Problem details: Give a verbatim copy of the lines below, minus the pictures.

Input data:
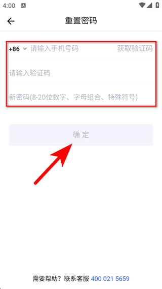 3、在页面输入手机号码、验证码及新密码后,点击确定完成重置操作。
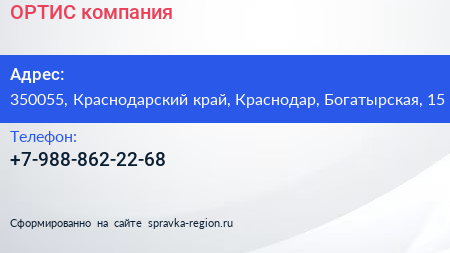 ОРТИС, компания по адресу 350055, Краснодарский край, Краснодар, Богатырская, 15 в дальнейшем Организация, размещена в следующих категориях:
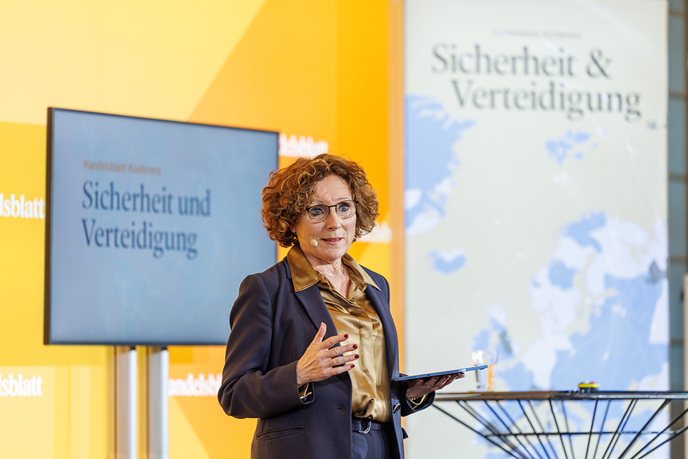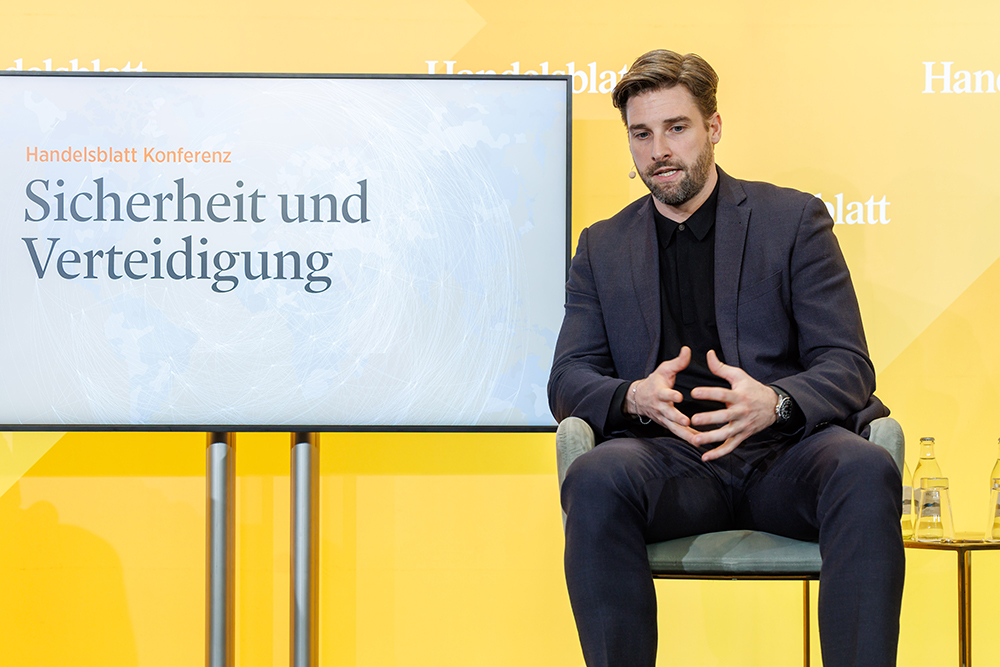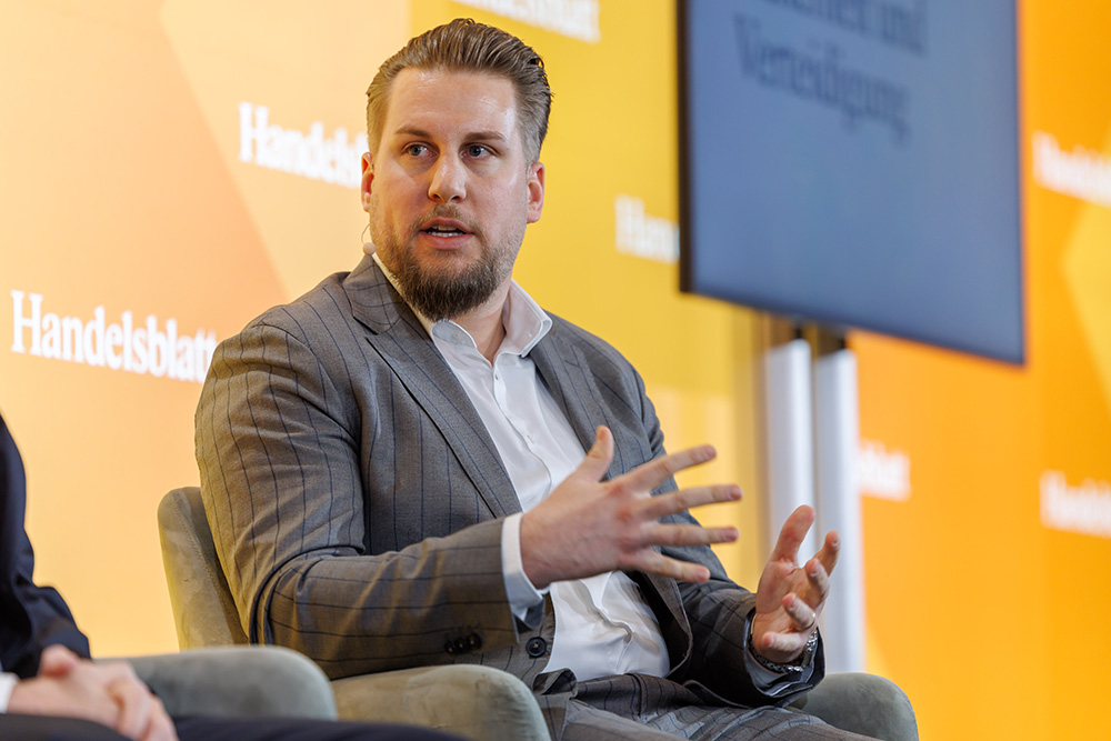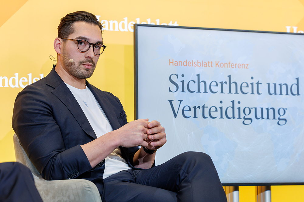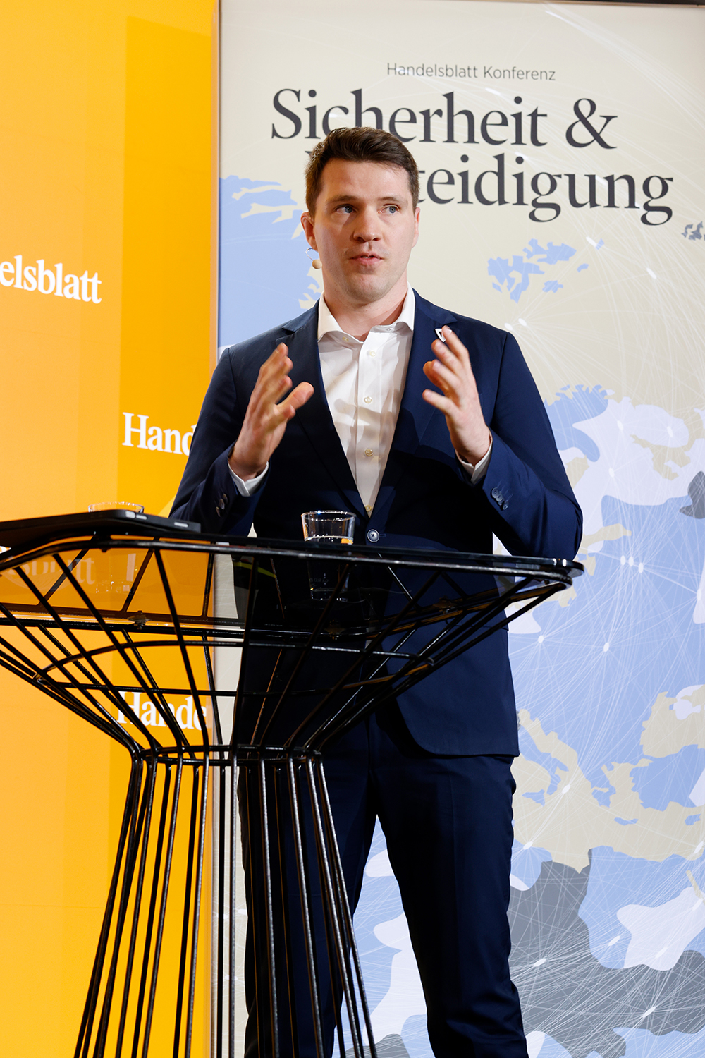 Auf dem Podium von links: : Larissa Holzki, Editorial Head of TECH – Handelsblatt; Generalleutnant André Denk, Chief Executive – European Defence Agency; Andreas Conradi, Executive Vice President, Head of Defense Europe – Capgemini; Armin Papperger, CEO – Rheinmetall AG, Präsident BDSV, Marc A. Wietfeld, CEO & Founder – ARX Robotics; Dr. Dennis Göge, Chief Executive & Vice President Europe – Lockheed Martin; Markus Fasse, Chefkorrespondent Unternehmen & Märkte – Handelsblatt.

Response below:
 3、在页面输入手机号码、验证码及新密码后,点击确定完成重置操作。
 ОРТИС, компания по адресу 350055, Краснодарский край, Краснодар, Богатырская, 15 в дальнейшем Организация, размещена в следующих категориях:
 Auf dem Podium von links: : Larissa Holzki, Editorial Head of TECH – Handelsblatt; Generalleutnant André Denk, Chief Executive – European Defence Agency; Andreas Conradi, Executive Vice President, Head of Defense Europe – Capgemini; Armin Papperger, CEO – Rheinmetall AG, Präsident BDSV, Marc A. Wietfeld, CEO & Founder – ARX Robotics; Dr. Dennis Göge, Chief Executive & Vice President Europe – Lockheed Martin; Markus Fasse, Chefkorrespondent Unternehmen & Märkte – Handelsblatt.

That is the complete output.